Records & TransparencyKY
Getting Your HOA's Records in Kentucky
By The HOARebel Team · May 28, 2026 · 2 min read · Updated June 2, 2026
When a Kentucky board won't explain where the money goes, the records usually hold the answer — but the hook you use to get them depends on whether you live in a planned community, a condominium, or a pre-2023 HOA. For your specific situation, a licensed Kentucky attorney is the right resource. This is general information, not legal advice.
For post-June-2023 planned communities (KRS 381.785–.801)
For planned communities formed after June 29, 2023, the Kentucky Planned Community Act supplies a statutory framework that includes required provisions for the declaration or bylaws (KRS 381.792), open board meetings and director standards (KRS 381.793), and an assessment / budget structure (KRS 381.797). It also includes two records-specific sections: KRS 381.794 (financial records and an annual financial report) and KRS 381.795 (examination of records by an owner).

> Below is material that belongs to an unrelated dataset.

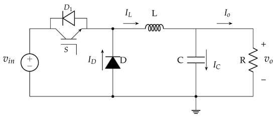 The DC/DC buck converter was carefully designed to interface with the PV panel while maintaining maximum power point tracking. The complete design process is presented below, with the circuit topology shown in Figure 4 [,].
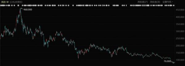 美团的股价几乎是应声下跌,12月19日当天跌幅达到5.39%,倘若把时间线再拉长一些,美团近一月的股价已下跌约32%,近一年的股价也已下跌超过56%,距离2021年的历史高位更是已经下跌了83%。

Under KRS 381.795, an owner "may examine and copy the books, records, and minutes of the association" subject to reasonable standards the board may set on the type of documents and the time and place of inspection — though, unless the board approves, an owner may not examine information whose disclosure is prohibited by state or federal law. Owners gain a statutory floor for transparency that previously didn't exist for Kentucky planned communities.
For older HOAs (formed before June 29, 2023), the Act generally doesn't apply, and the records right comes from the bylaws and the Nonprofit Corporation Act.
For condominiums
For condominiums created on or after January 1, 2011, the Kentucky Condominium Act (KRS 381.9101–.9207) supplies the records framework, alongside the condominium instruments.
For condominiums created before January 1, 2011, the Horizontal Property Law (KRS 381.805–.910) controls instead.
For incorporated HOAs (almost always relevant)
Most Kentucky HOAs and condo associations are incorporated as nonprofits under the Kentucky Nonprofit Corporation Act, KRS Chapter 273. That layer supplies member rights to inspect corporate records — books of account, minutes, and similar — subject to proper purpose and the conditions the statute imposes. Even where a property statute applies, the corporate-law layer often supplies the broader records right Kentucky owners rely on.
For pre-2023 planned-community HOAs, this corporate-law layer plus the bylaws is typically the records framework.
What owners commonly request
People reviewing the association's books often look at:
- The annual budget, reserves, and financial statements
- Bank statements and vendor contracts
- The declaration, bylaws, adopted rules, and any fine schedule
- Board and member meeting minutes and notices
- The current statement of any pending assessment
Records frequently feed other disputes — questioning a fine or the assessment lien usually starts with the underlying documents.
If records are withheld
For incorporated HOAs, KRS 273 makes member inspection rights enforceable; for planned communities under the 2023 Act, KRS 381.795 supplies the owner's statutory right to examine and copy association records (and KRS 381.794 the financial-report obligation). Owners commonly put requests in writing (keeping a dated copy), name the records specifically, and consult a licensed Kentucky attorney for unresolved refusals.